The following confuses me a bit:

julia> collect(Iterators.filter(!ismissing, (i for i in [missing, 1, 2])))
2-element Array{Int64,1}:

julia> collect(Iterators.filter(!ismissing, [missing, 1, 2]))
2-element Array{Union{Missing, Int64},1}:

I thought that collecting an iterator should have a return type based only on the elements that are iterated (which in this case are all integers). Instead here depending on the container that is passed to Iterators.filter different things happen.


I used to think this as well! But iterators can specify what type they have:

Base.IteratorEltype(Iterators.filter(!ismissing, A))
eltype(Iterators.filter(!ismissing, A))
#Union{Missing, Int64}
Base.IteratorEltype(x for x in A)
Base.IteratorEltype(x for x in A if x isa Int)
Base.IteratorEltype(x::Int for x in A if x isa Int)

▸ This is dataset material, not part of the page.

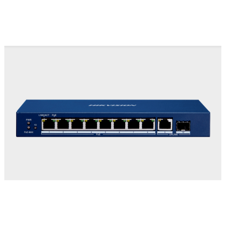 - 8 × Gigabit PoE port, 1 × Gigabit RJ45 port, 1 × Gigabit SFP száloptikai port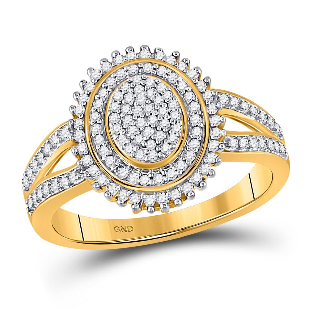 REF-30R7X - 1/4 CTW Womens Round Diamond Oval Cluster Ring 10kt Yellow Gold - REF-30R7X

If an iterator claims to have a type then this is honored by collect. That’s why collect(A) leaves the container-type (eltype(A)==eltype(collect(A))), whereas collect(x for x in A) looks at the actual element-types. This can be more or less specific than the container type: We have neither eltype(A) <: eltype(collect(x for x in A)) nor eltype(collect(x for x in A))<:eltype(A).

Not sure whether the last one can be reasonably lowered to have an eltype.